[Task to complete]
Print exactly the lines that run from the one containing "日系慵懒风高级感连帽卫衣女秋冬大码宽松300斤小个子短款外套潮" to the final line of the data, both included, and print none of the pictures.

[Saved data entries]
------

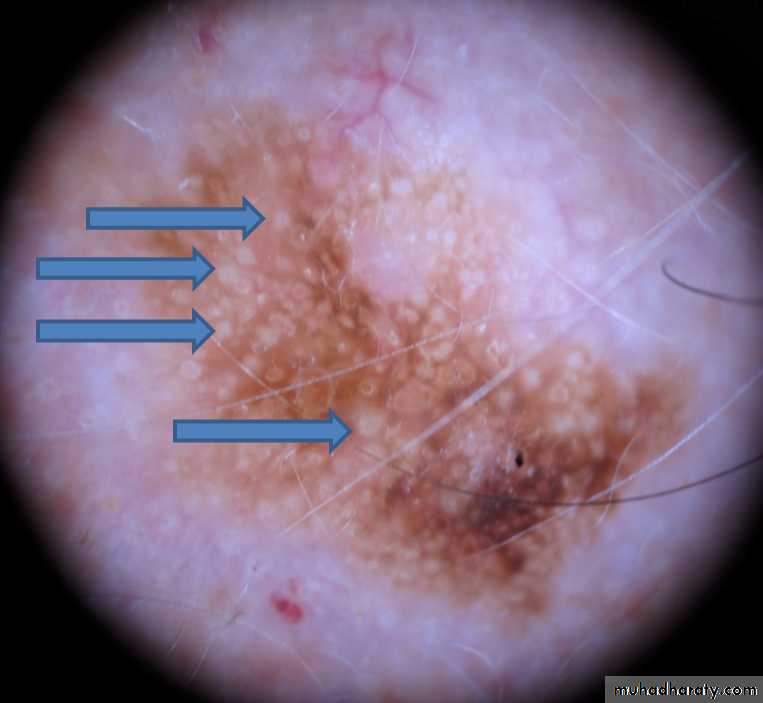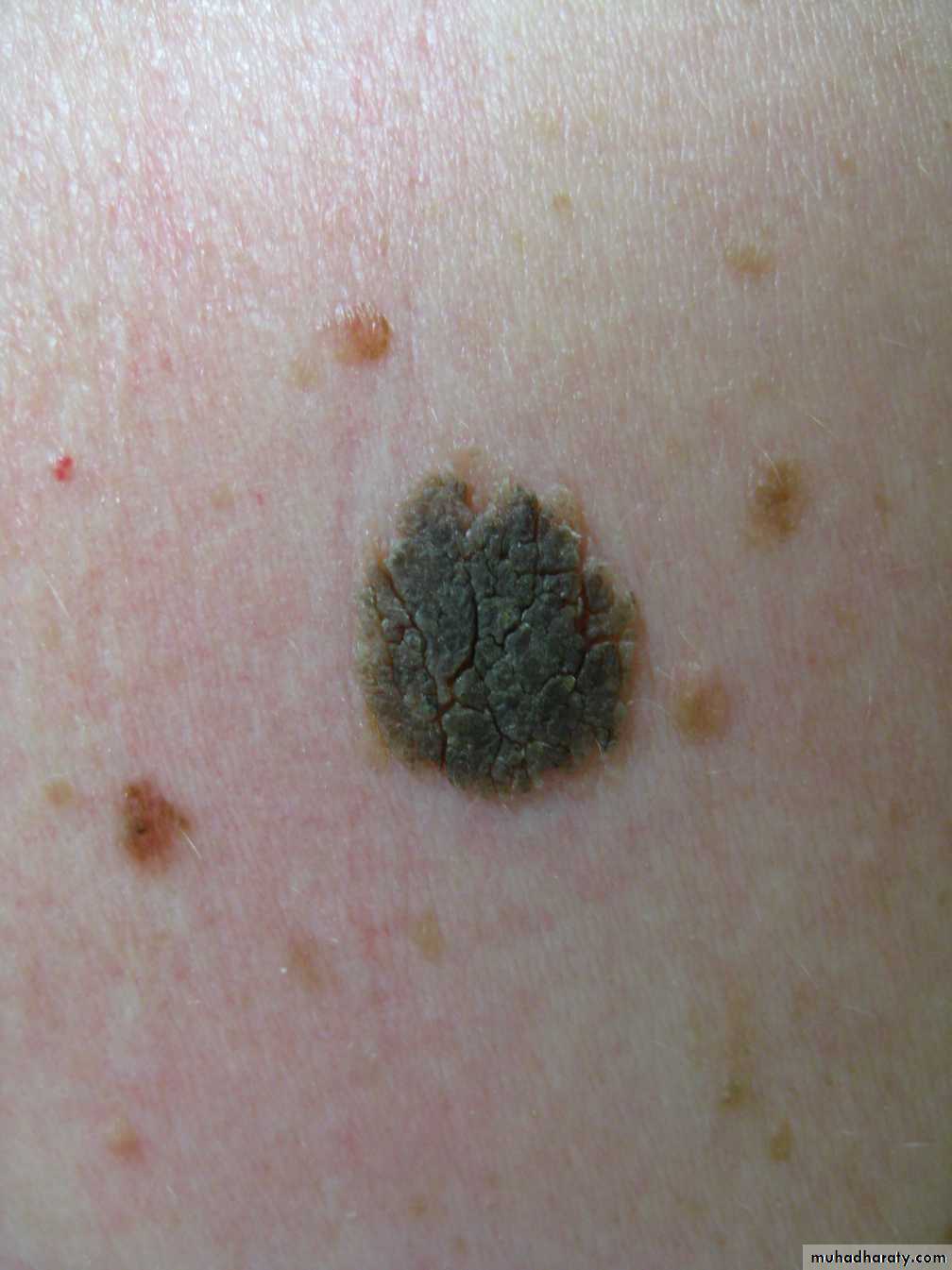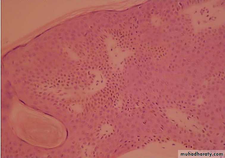 • Melanoacanthoma: shows dendritic melanocytes packed with melanin which is absent in keratinocytes.
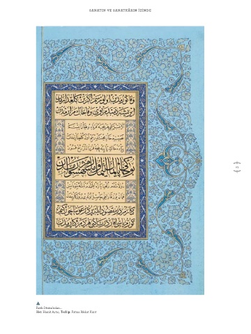 SANATIN VE SANATKÂRIN İZİNDE 23 Fatih Dîvânı’ndan... Hat: Hamit Aytaç. Tezhip: Fatma Rikkat Kunt
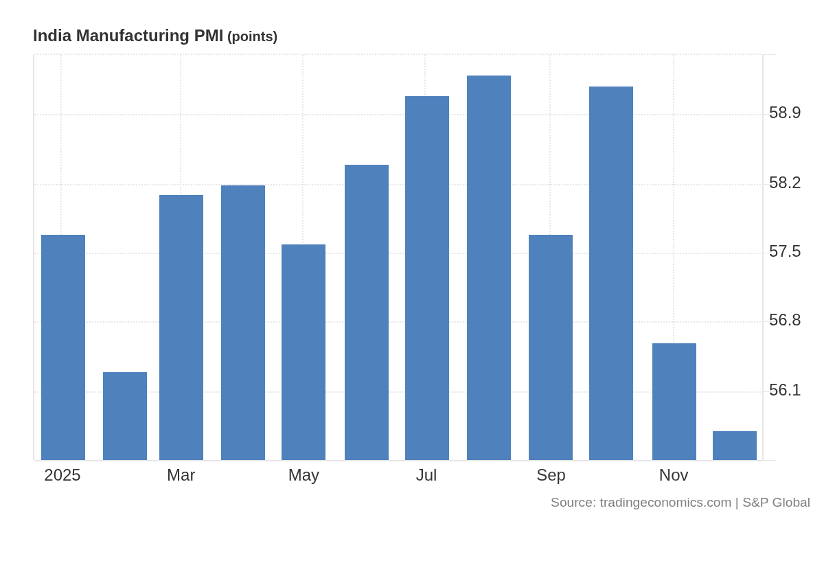 India’s manufacturing growth cooled in December, with the PMI at a one-year low as new orders and output growth softened, reflecting tariff-related pressure on labour-intensive sectors. Dive deeper
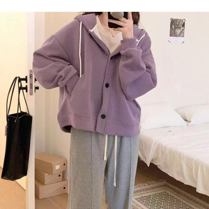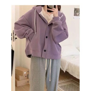 日系慵懒风高级感连帽卫衣女秋冬大码宽松300斤小个子短款外套潮
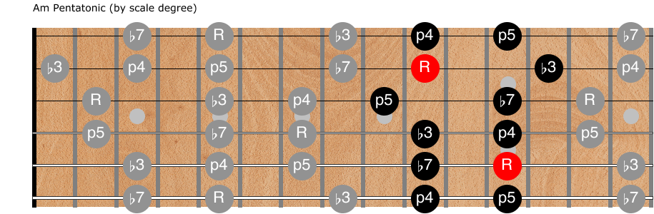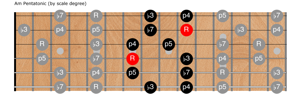 This system is good for any set of connected scales, not just Am pentatonic.
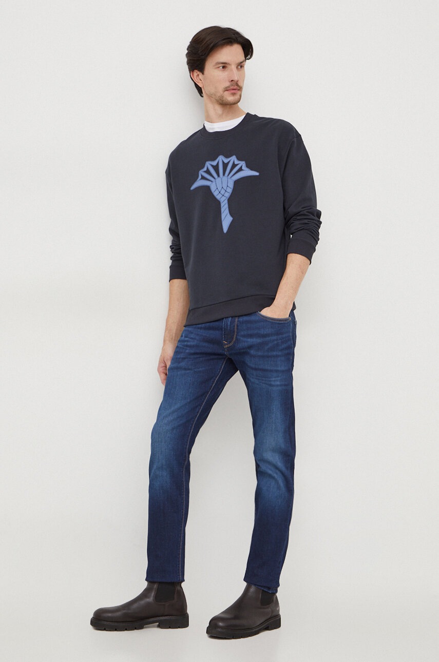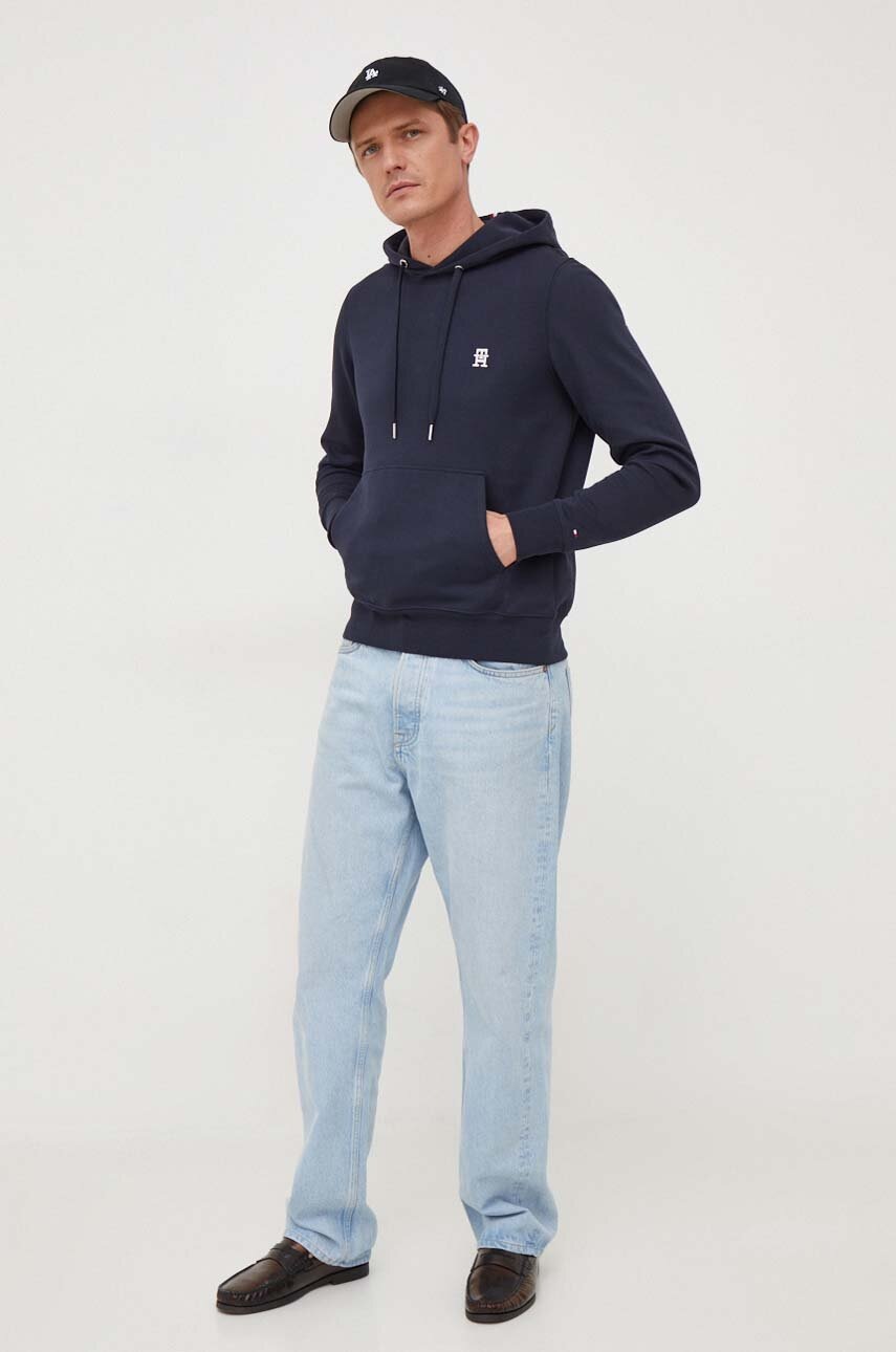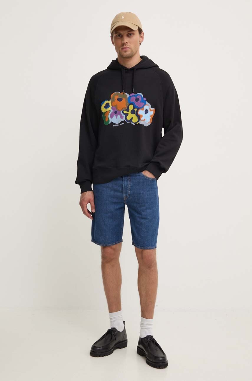 Бавовняна кофта Hugo Blue чоловіча колір чорний з капюшоном з принтом 50510724 Hugo Blue
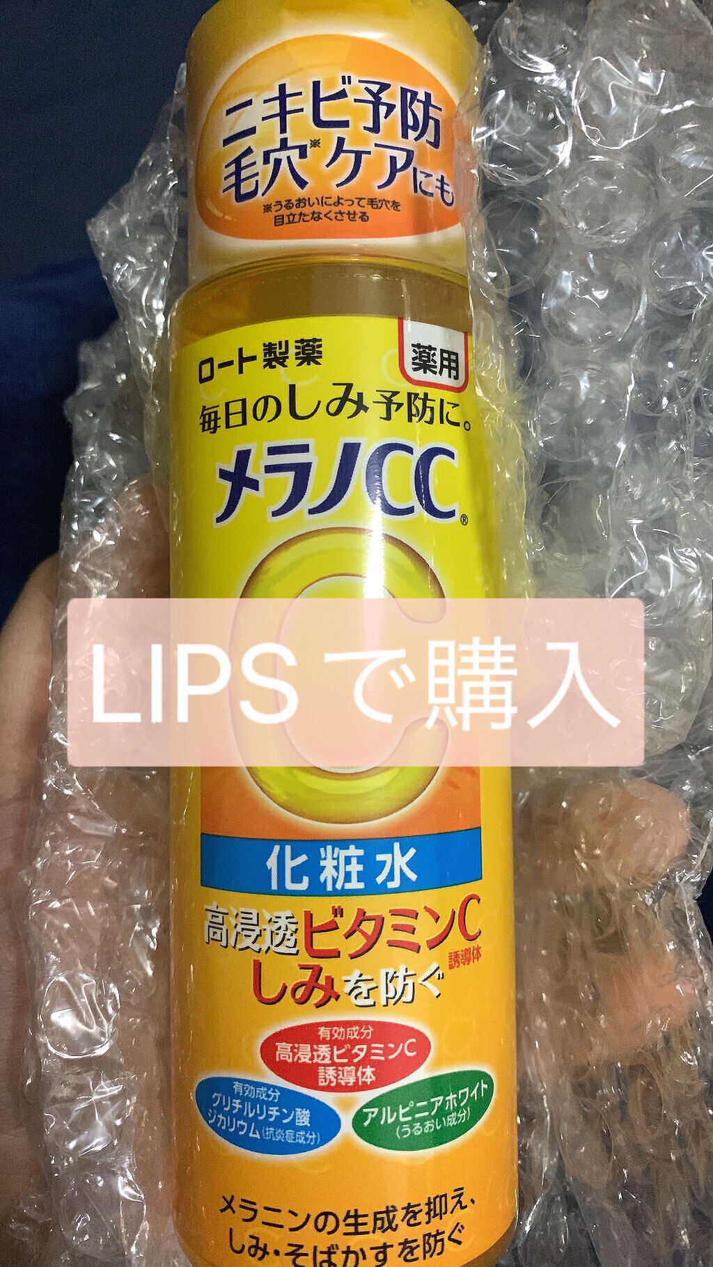 - 「メラノCC 薬用しみ対策 美白化粧水」は、顔全体にうるおいを与えながら、しみ対策できる薬用美白化粧水。 美白有効成分高浸透ビタミンC誘導体*1が角質層すみずみまで浸透し、メラニンの生成を抑え、しみ・そばかすを防ぎ、透明感のある肌へと導きます。 また、抗炎症成分*2と3種のうるおい成分*3を配合。ニキビ痕が気になる肌にもうるおいを与え、肌を整えます。 さわやかな柑橘系の香りです。 *1:3-O-エチルアスコルビン酸 *2:グリチルリチン酸ジカリウム *3:アルピニアホワイト、レモンエキス、グレープフルーツエキス
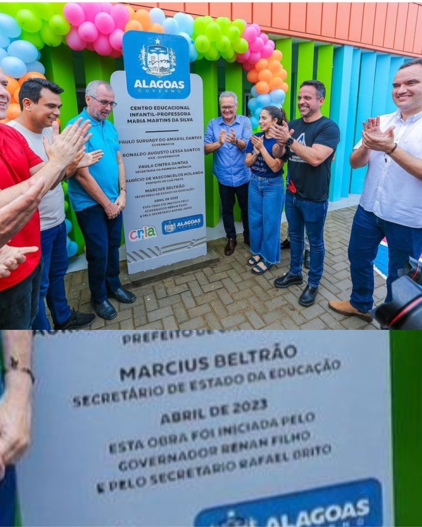 O totem de inauguração de um centro educacional infantil no município de Chã Preta, neste final de semana, reafirma a disputa de poder na secretaria estadual de Educação (Seduc) e o ego elevado do ex-governador Renan Filho (MDB).
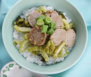 - Taruh bubur di mangkuk saji. Beri bahan Taburan.

------

[Task solution]
 日系慵懒风高级感连帽卫衣女秋冬大码宽松300斤小个子短款外套潮
 This system is good for any set of connected scales, not just Am pentatonic.
 Бавовняна кофта Hugo Blue чоловіча колір чорний з капюшоном з принтом 50510724 Hugo Blue
 - 「メラノCC 薬用しみ対策 美白化粧水」は、顔全体にうるおいを与えながら、しみ対策できる薬用美白化粧水。 美白有効成分高浸透ビタミンC誘導体*1が角質層すみずみまで浸透し、メラニンの生成を抑え、しみ・そばかすを防ぎ、透明感のある肌へと導きます。 また、抗炎症成分*2と3種のうるおい成分*3を配合。ニキビ痕が気になる肌にもうるおいを与え、肌を整えます。 さわやかな柑橘系の香りです。 *1:3-O-エチルアスコルビン酸 *2:グリチルリチン酸ジカリウム *3:アルピニアホワイト、レモンエキス、グレープフルーツエキス
 O totem de inauguração de um centro educacional infantil no município de Chã Preta, neste final de semana, reafirma a disputa de poder na secretaria estadual de Educação (Seduc) e o ego elevado do ex-governador Renan Filho (MDB).
 - Taruh bubur di mangkuk saji. Beri bahan Taburan.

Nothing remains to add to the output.